It's the very things that make magazines trivial and tendentious -- their unnecessary depth of detail, their uncritical allegiance to the transitory memes of the moment -- which make them so brilliant a time-travelling resource, and, finally, valuable to other ages even when they're only diverting in their own.

One of my prize possessions is a CD-ROM containing every page of every National Geographic magazine from 1960 to 1995. The articles that, at the time, I would have found dull and worthy I now find fascinating: long explications of mainframe computing, with deliciously wrongheaded prognostications on the future applications of the Univac. But actually the greatest thing for me is the advertising. Advertising in the present is an irritating buttonhole. But advertising from the past is a delight. Those typefaces! That odd, clunky -- or witty, Ogden-Nashy -- copy style! Those implicit promises of cutting edge kudos attached to Super 8 cameras and long-dead video game consoles!

Actually, that's probably the reason I love retro-tech, secondhand clothes, and anything foreign. Things that exert a normative power in their intended context, socialising us and influencing us to converge to prescriptive models, suddenly have the opposite effect when they're put in a new context (another country, another era). They encourage divergence, exploration, fresh ways of thinking. At short distances the spume of cultural disjecta can become excessively familiar, warm, kitschy. But if you delve a little deeper into the junk store you can find stuff that time or distance has transformed -- like the best art -- into something perverse, challenging, unsettling. (Another reason we urgently need a non-perjorative word for 'kitsch'.)

Glossy Junky Map

Like any jetset junky, I can tell you where to go in each city to find high quality magazines. In LA check Little Tokyo or locate the gigantic newsstand hidden just off Hollywood Boulevard (make a right three blocks east of the Chinese Theater). In London, visit Colindale's Oriental Plaza for the best prices on Japanese titles, the basement of Waterstones Art Bookstore on Long Acre or the ICA Bookshop for art. In Tokyo make for ABC in Roppongi, Shibuya Tower for foreign stuff, Digitalogue in Harajuku for really cool designery things (and font floppies!), Nadiff for art. In Paris, Collette on Rue St Honore is your best bet. In Dublin head for Temple Bar. Amsterdam is a magazine lover's paradise where the cafes have surprisingly decent selections lying around. But if you want to buy, there's a great place, here, just follow me towards the Prizengracht... In Edinburgh, mail order is about your only option.

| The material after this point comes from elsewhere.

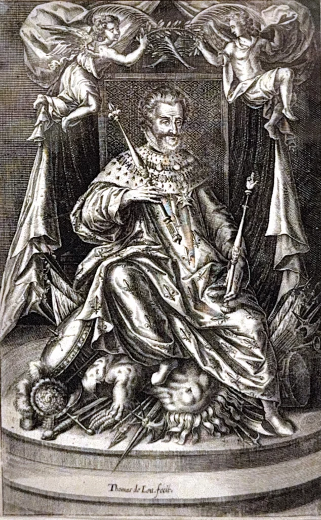 Aquest gravador francès d’origen flamenc va fer prop de 300 retrats de diversos personatges il·lustres de l’època. En aquest, el rei Enric IV de França (1553-1610) apareix assegut al seu tron, vestit amb solemnitat, amb el ceptre i la vara de comandament, mentre dos putti el coronen amb llorer, com a símbol del seu poder.
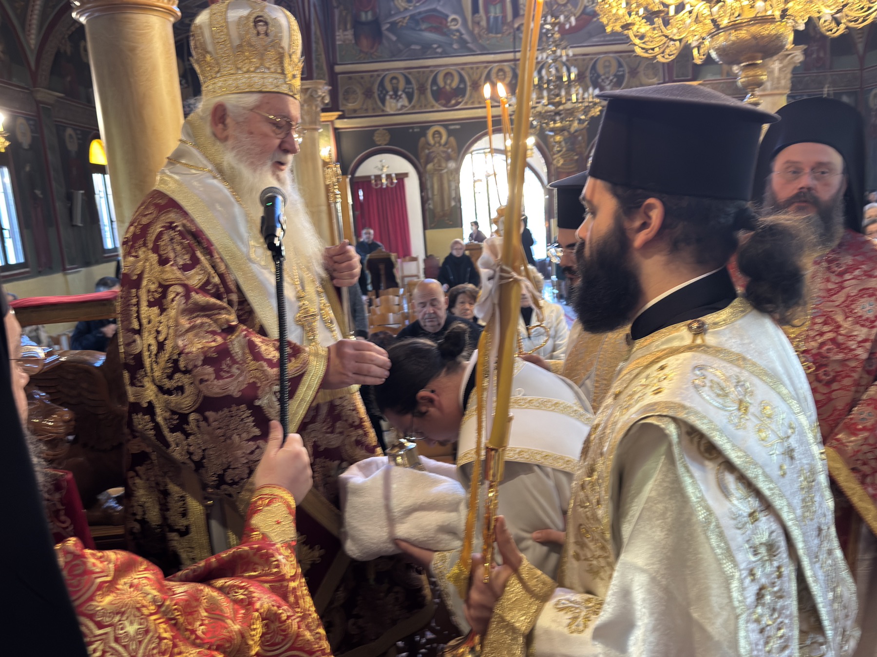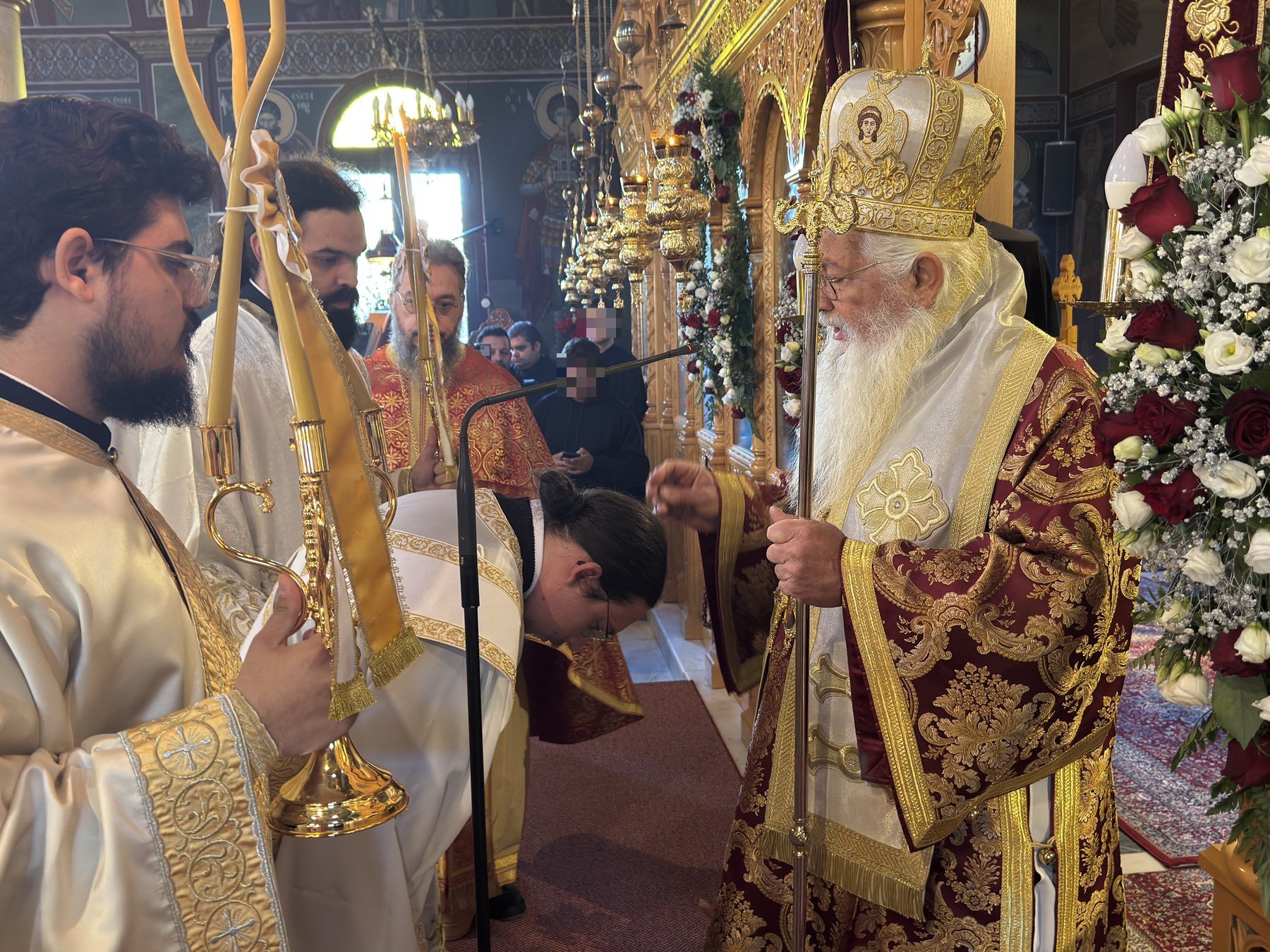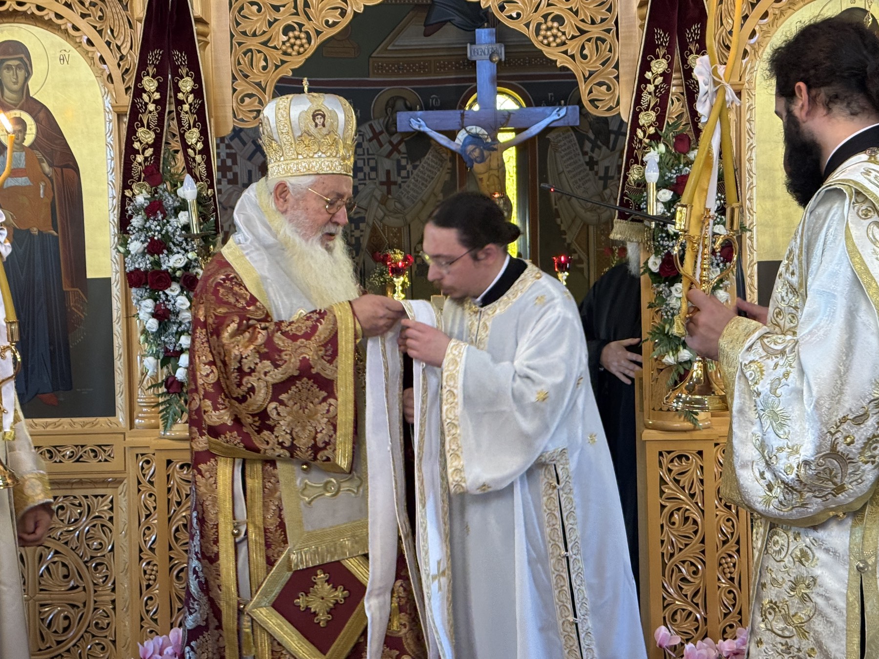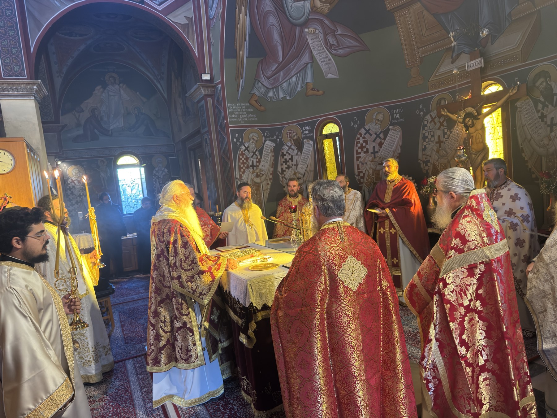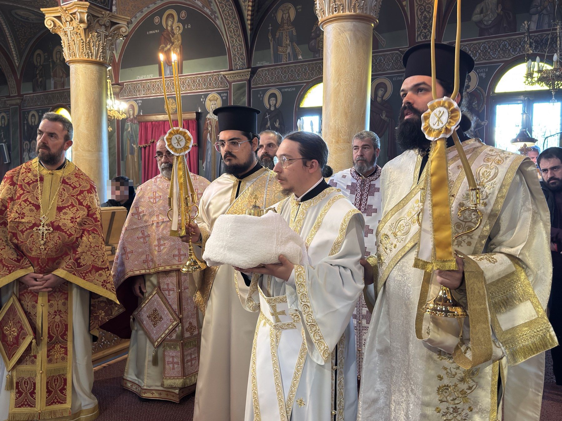 Τη Θεία Λειτουργία τέλεσε ο Μητροπολίτης Θηβών, Λεβαδείας και Αυλίδος κ. Γεώργιος, ο οποίος, στο πλαίσιο της εορτής, προχώρησε και στη χειροτονία σε Διάκονο του μοναχού π. Αμφιλοχίου Μάρρου, ο οποίος σπουδάζει στη Σχολή Μαθητείας Υποψηφίων Κληρικών Βελλάς Ιωαννίνων.

In New York there's Universal News on Broadway, Asahiya at Grand Central Station or Kinokuniya at the Rockerfeller Center for the Japanese, Other Music for music, Zakka on Grand for cool Jap design and style stuff, Zao on Orchard for a good selection of Japanese and French fashion and art titles. And ah! The daddy of all rare and fabulous magazine stores, a place where I feel like I've died and gone to heaven, Printed Matter on Wooster Street. This is the Soho Mecca for artists' handmade books, zines, CDs, tiny-run surreal scrawly publications you'll never see anywhere else accompanied by exhibitions like the current show of Sonic Youth artwork and posters since 1981.

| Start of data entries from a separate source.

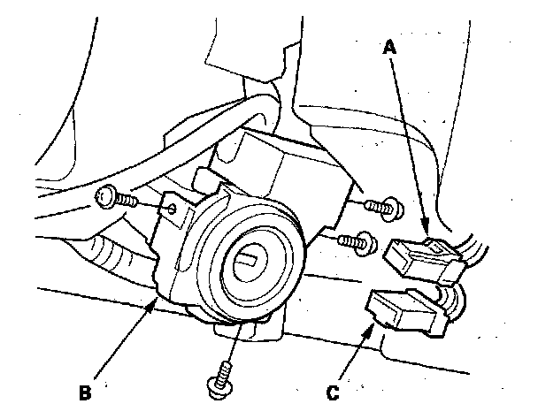 3. Disconnect the 7P connector (C) from the ignition key switch.
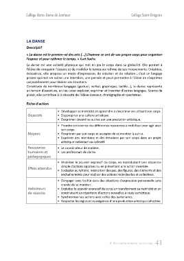 plaisir, elle contribue à la réussite de l’élève danseur, chorégraphe et spectateur.
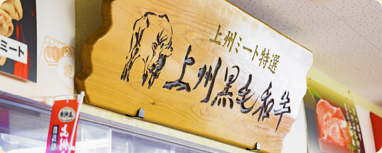 自然豊かで、古くから畜産が盛んな群馬県。風味豊かな牛肉として全国的に有名な「上州牛」、群馬名産の小麦で育てられたキメ細かくなめらかな味の「上州麦豚」を中心に、びっくりするほどたくさんの「おいしいお肉」を取り揃えています。美味しさの秘密は、どこにも負けない卓越した技術。肉のプロフェッショナルとして、毎日おいしいお肉と笑顔を届けています。
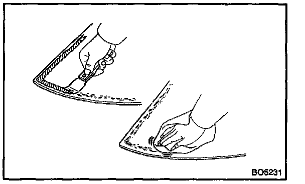 b. Cut off the old adhesive around the clips and spacers installation area.
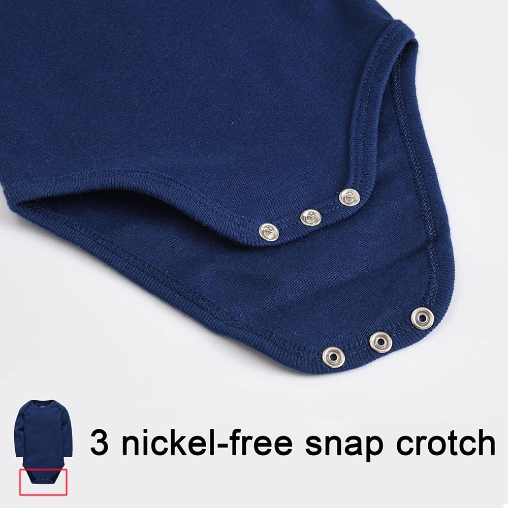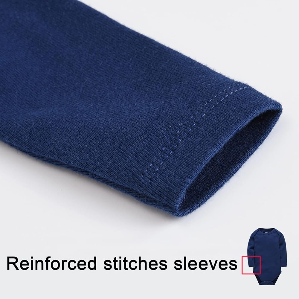 The long sleeve baby bodysuits pack are machine washable and won't shrink or fade. High quality fabric keeps it's shape without stretching out over time
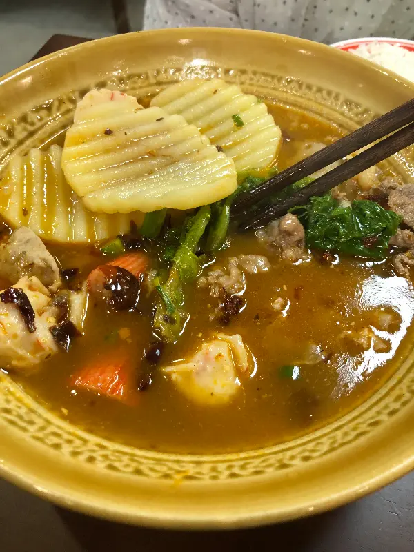매콤한 훠궈 국물은 밥과 환상적인 궁합을 자랑한다.
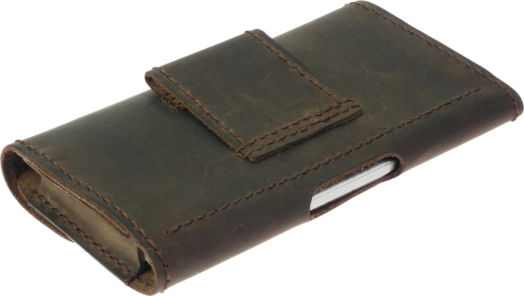 Ręcznie szyta kabura do telefonu z kieszonką na karty oraz wewnętrzną kieszenią na dokumenty i banknoty, wyprodukowana w Polsce z najwyższej jakości naturalnej skóry bydlęcej.
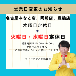 12月より名古屋みなと店、岡崎店、豊橋店の営業日が変更となります。

In fact, my mental map of many a city features the most interesting possible route from magazine store A (Japan Centre, Piccadilly) to magazine store B (Waterstones, Long Acre). One of my biggest dilemmas when I move house is trying to decide which titles from my huge stacks of glossy paper I should box up and transport across oceans, and which I should jettison. Sifting through them all, I end up absorbed, fascinated, reading stuff I never saw first time around, hardly aware of time passing until I suddenly notice that evening has arrived and I can't see the pages any more.

This time round I boxed only Frieze and Studio Voice -- a magazine in a language I don't even understand! I suppose one day I may learn Japanese, and then I'll be glad I paid top dollar to have them shipped behind me across the globe.

Sometimes I buy a magazine twice, because when I see it again I don't remember reading it and think it's one I don't have. Are magazines talismanic?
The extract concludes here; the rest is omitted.